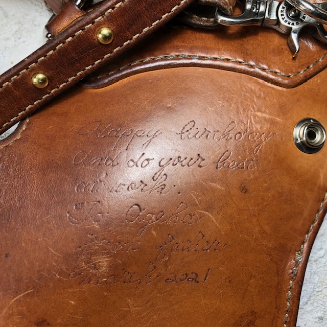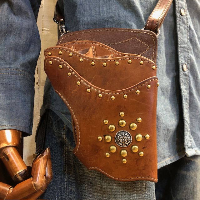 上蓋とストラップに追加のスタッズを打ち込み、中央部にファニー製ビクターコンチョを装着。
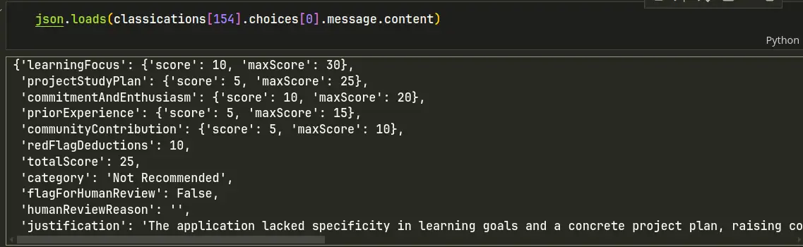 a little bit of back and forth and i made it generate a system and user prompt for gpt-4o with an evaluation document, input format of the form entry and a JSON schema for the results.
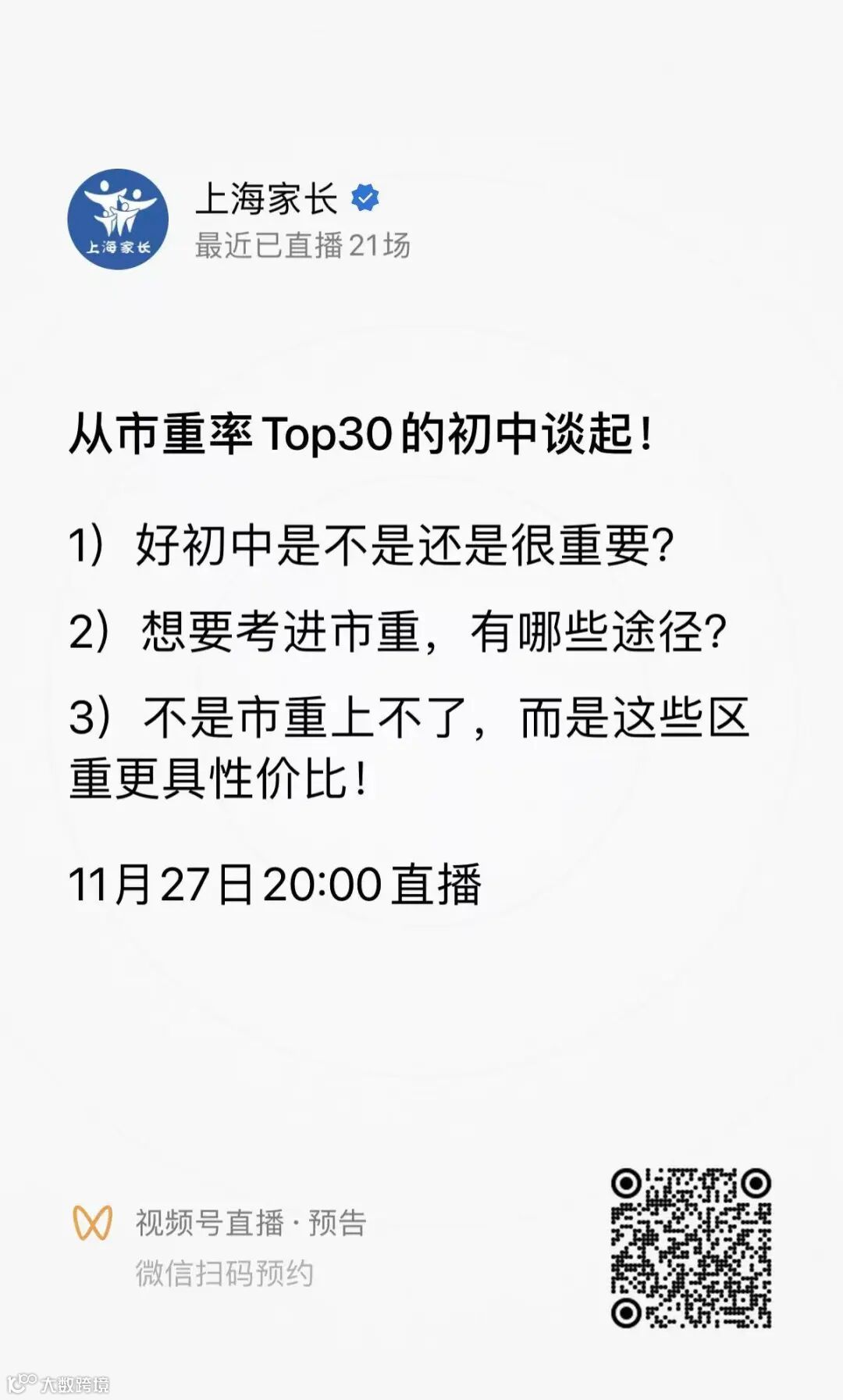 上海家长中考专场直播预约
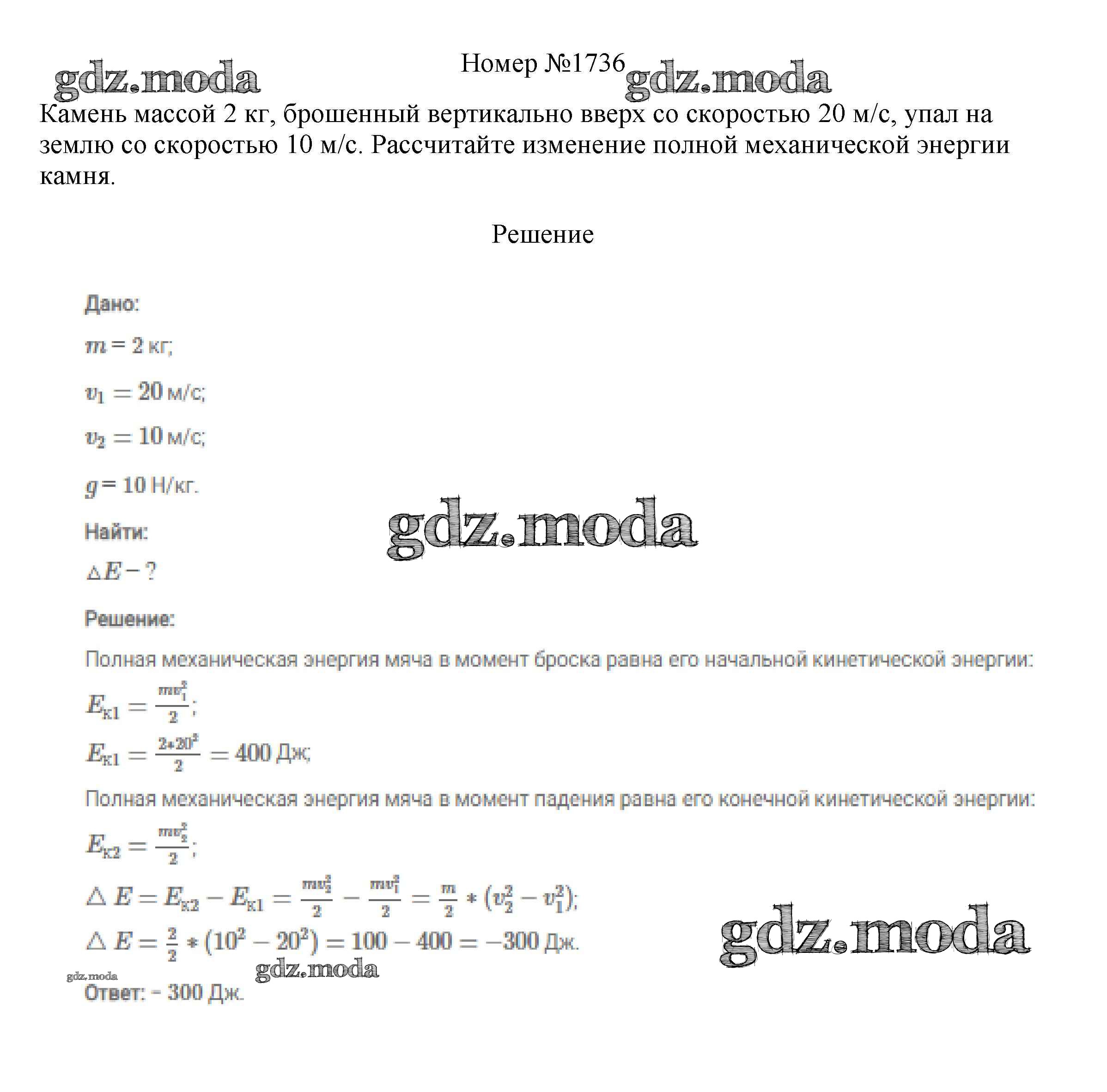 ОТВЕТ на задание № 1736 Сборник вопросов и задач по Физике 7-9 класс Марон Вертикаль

--

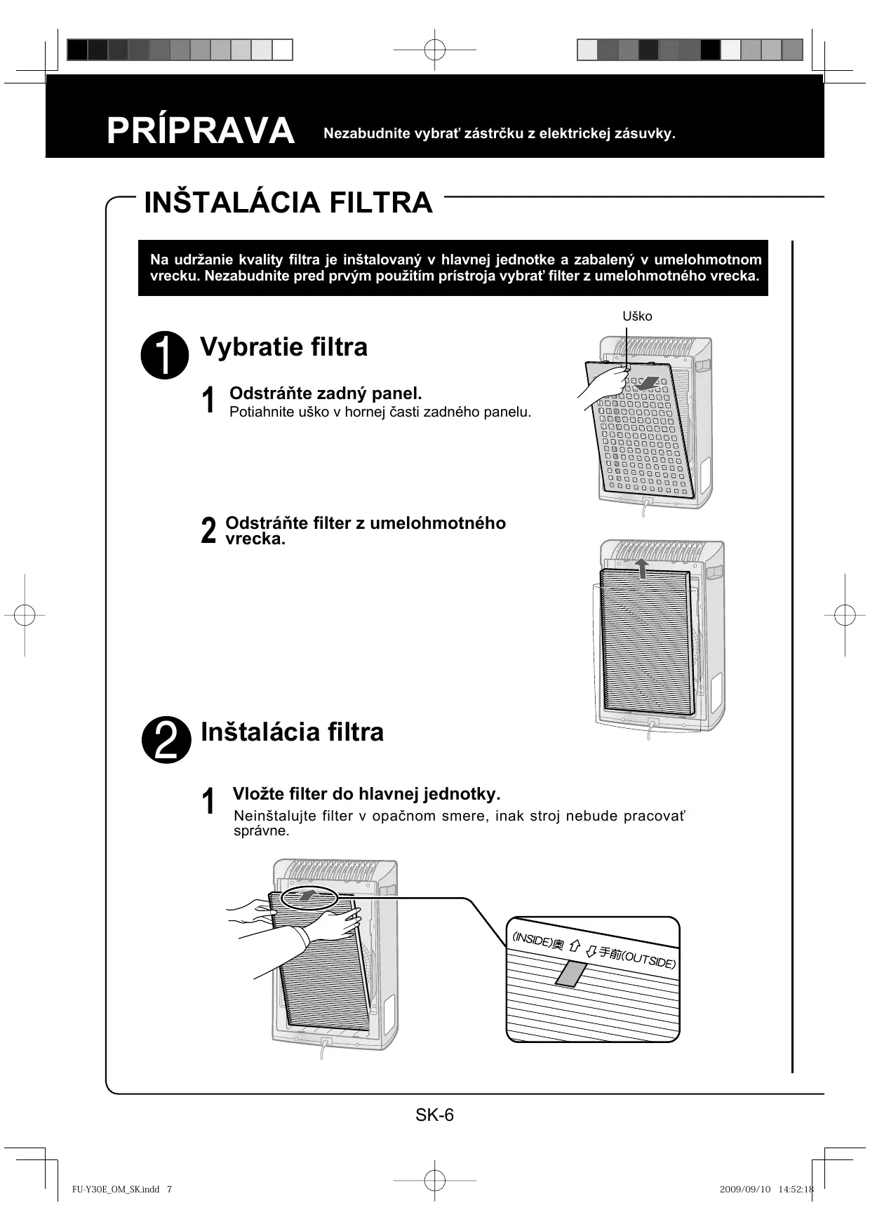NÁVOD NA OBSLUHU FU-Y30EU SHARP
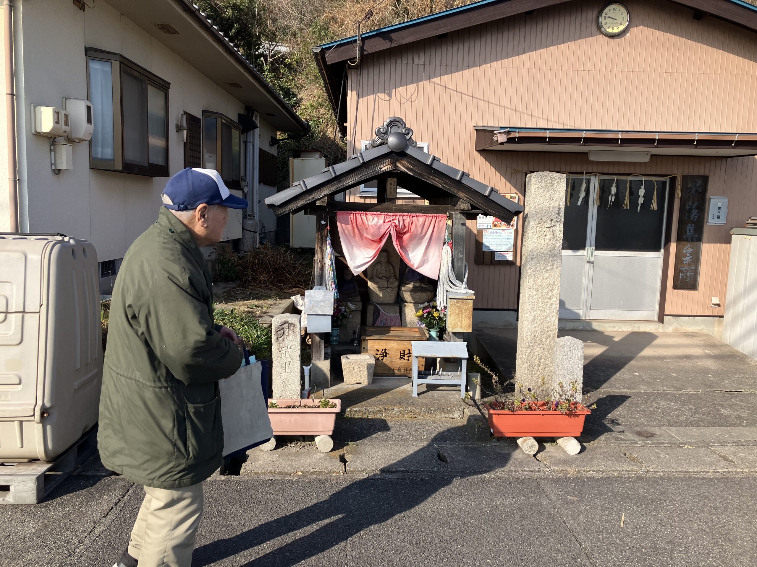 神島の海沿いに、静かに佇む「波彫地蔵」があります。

--

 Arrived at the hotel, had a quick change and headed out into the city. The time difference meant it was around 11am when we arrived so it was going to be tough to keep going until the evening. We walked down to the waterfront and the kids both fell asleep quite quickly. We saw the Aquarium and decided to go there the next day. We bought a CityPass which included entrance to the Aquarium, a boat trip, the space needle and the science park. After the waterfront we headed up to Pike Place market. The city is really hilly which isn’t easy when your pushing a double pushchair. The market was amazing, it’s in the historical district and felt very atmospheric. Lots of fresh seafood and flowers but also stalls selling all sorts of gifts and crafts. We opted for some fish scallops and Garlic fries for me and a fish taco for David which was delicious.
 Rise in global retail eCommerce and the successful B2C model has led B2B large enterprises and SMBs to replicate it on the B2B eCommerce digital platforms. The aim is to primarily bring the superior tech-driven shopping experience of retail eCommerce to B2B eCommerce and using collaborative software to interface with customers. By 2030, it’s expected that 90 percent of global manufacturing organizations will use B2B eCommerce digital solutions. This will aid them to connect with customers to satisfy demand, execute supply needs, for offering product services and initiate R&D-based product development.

* **TASK ITEM**: Please set down, exactly and with no pictures, the lines in the entries above starting at the one holding "NÁVOD NA OBSLUHU FU-Y30EU SHARP" and ending at the one holding "神島の海沿いに、静かに佇む「波彫地蔵」があります。", ends included.

* **RESULT BELOW**:
NÁVOD NA OBSLUHU FU-Y30EU SHARP
 神島の海沿いに、静かに佇む「波彫地蔵」があります。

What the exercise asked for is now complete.